== Task to carry out ==
Apart from the images, repeat the data below exactly as written.

== Raw data ==
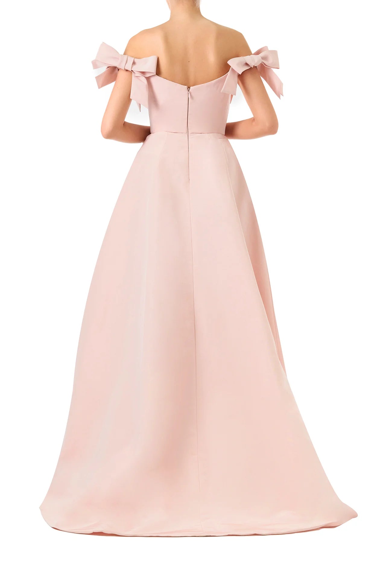 Our Off-The-Shoulder Bow Sleeve Gown in Pale Blush is the epitome of romantic elegance. Crafted from luxurious faille. this gown features a subtly scooped neckline and delicately draped bows that form off-the-shoulder straps. The corseted bodice. shaped by princess seams and a defined waist. creates a beautifully structured silhouette. A full. flowing skirt cascades from the waist. complete with a front slit and sweeping train for added drama. A hidden horsehair trim inside the hem adds subtle structure. ensuring the skirt maintains graceful movement.
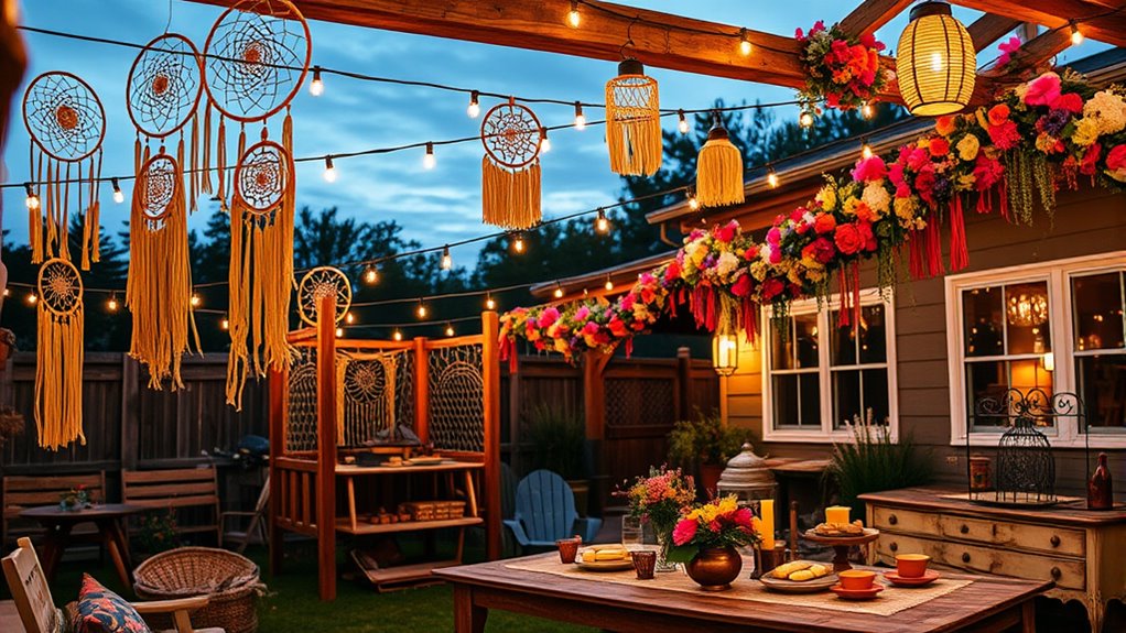 You can create a boho-inspired celebration on a budget by focusing on DIY crafts and vintage finds. Repurpose old textiles for vibrant banners or table runners, and craft centerpieces with wildflowers and candles. Hunt thrift stores or flea markets for unique vintage decor pieces that add character. Mix and match patterns and textures to achieve the boho vibe effortlessly without overspending, making your celebration both stylish and affordable.
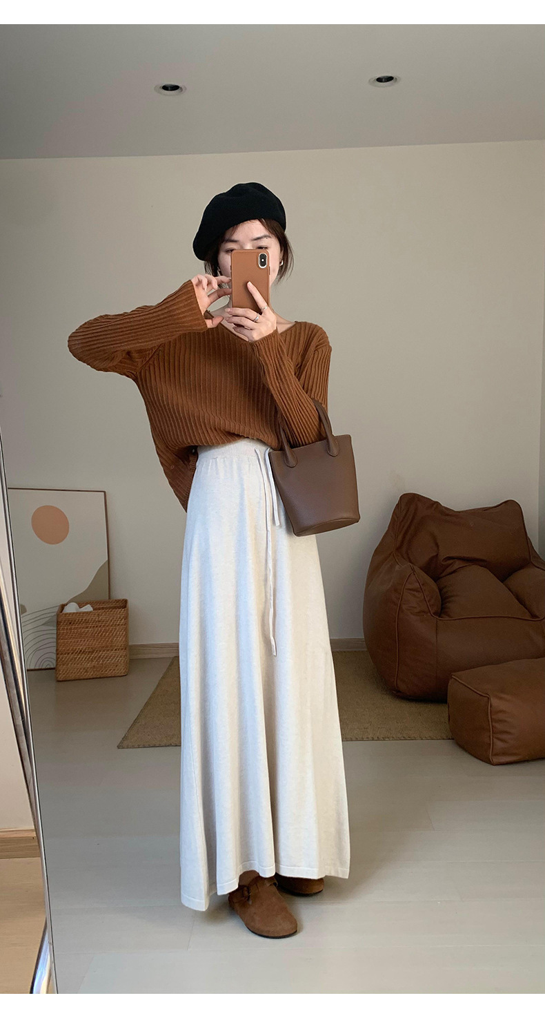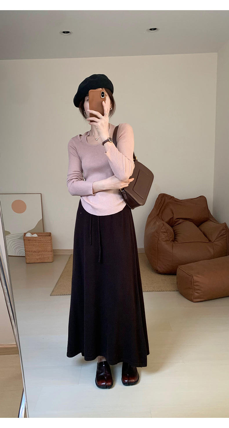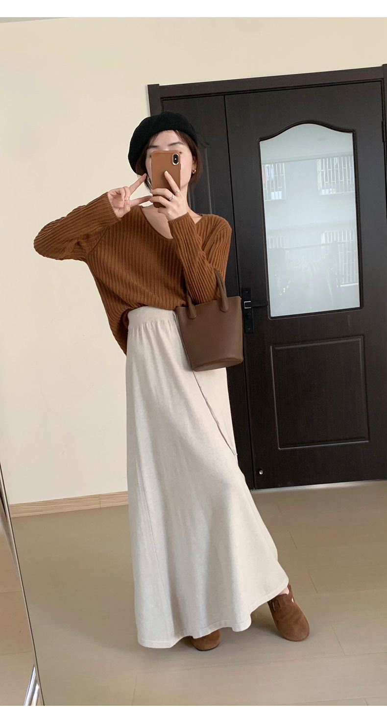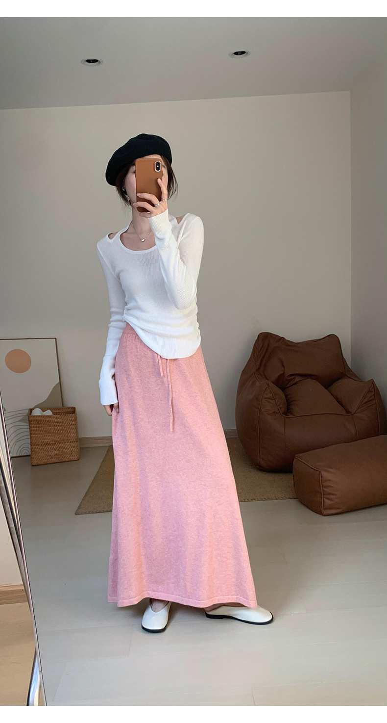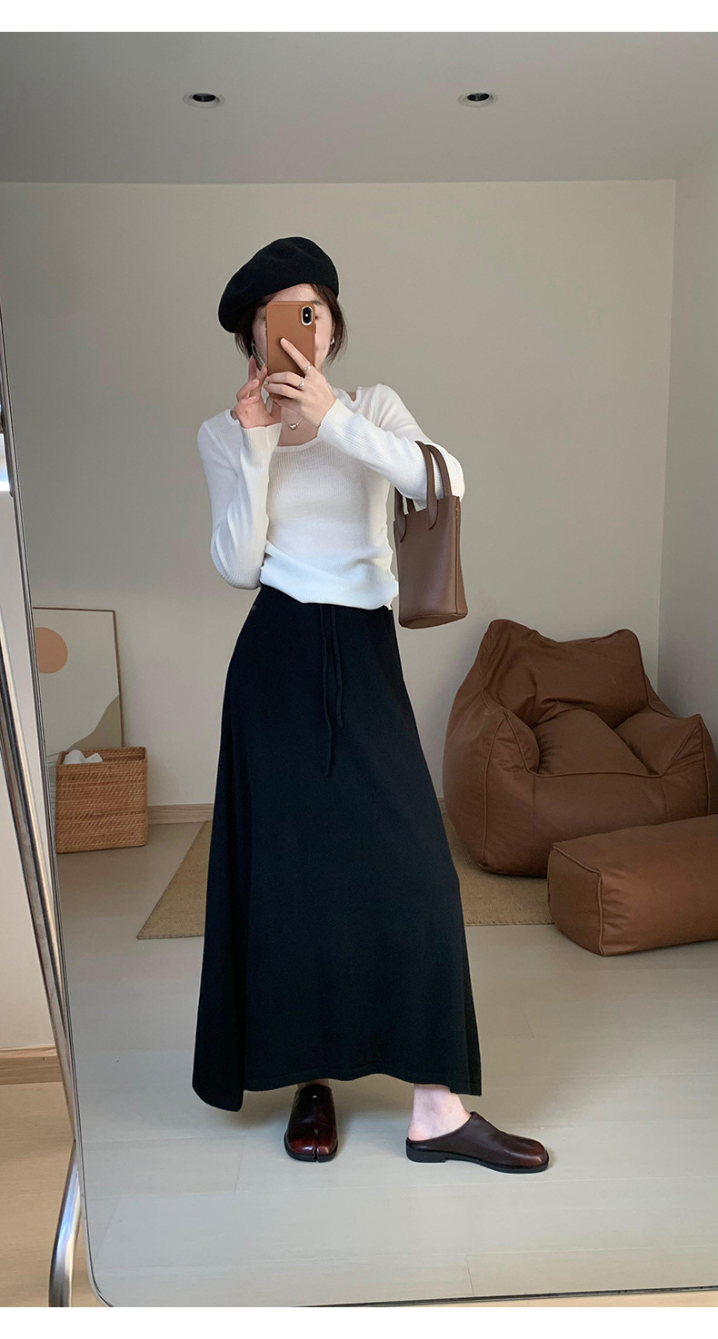 중간 길이 따뜻하고 편안한 니트 스커트 여성 2024 가을 및 겨울 새로운 한국식 타이트 허리 슬리밍 스커트 트렌디스토어 가기
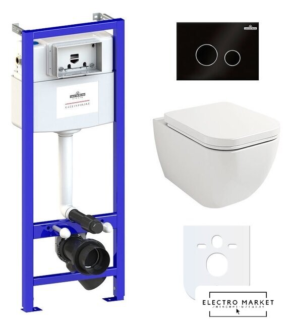подвесной, без бачка, задний подвод воды, горизонтальный выпуск, двухрежимный слив, с сиденьем

== Your response ==
 Our Off-The-Shoulder Bow Sleeve Gown in Pale Blush is the epitome of romantic elegance. Crafted from luxurious faille. this gown features a subtly scooped neckline and delicately draped bows that form off-the-shoulder straps. The corseted bodice. shaped by princess seams and a defined waist. creates a beautifully structured silhouette. A full. flowing skirt cascades from the waist. complete with a front slit and sweeping train for added drama. A hidden horsehair trim inside the hem adds subtle structure. ensuring the skirt maintains graceful movement.
 You can create a boho-inspired celebration on a budget by focusing on DIY crafts and vintage finds. Repurpose old textiles for vibrant banners or table runners, and craft centerpieces with wildflowers and candles. Hunt thrift stores or flea markets for unique vintage decor pieces that add character. Mix and match patterns and textures to achieve the boho vibe effortlessly without overspending, making your celebration both stylish and affordable.
 중간 길이 따뜻하고 편안한 니트 스커트 여성 2024 가을 및 겨울 새로운 한국식 타이트 허리 슬리밍 스커트 트렌디스토어 가기
подвесной, без бачка, задний подвод воды, горизонтальный выпуск, двухрежимный слив, с сиденьем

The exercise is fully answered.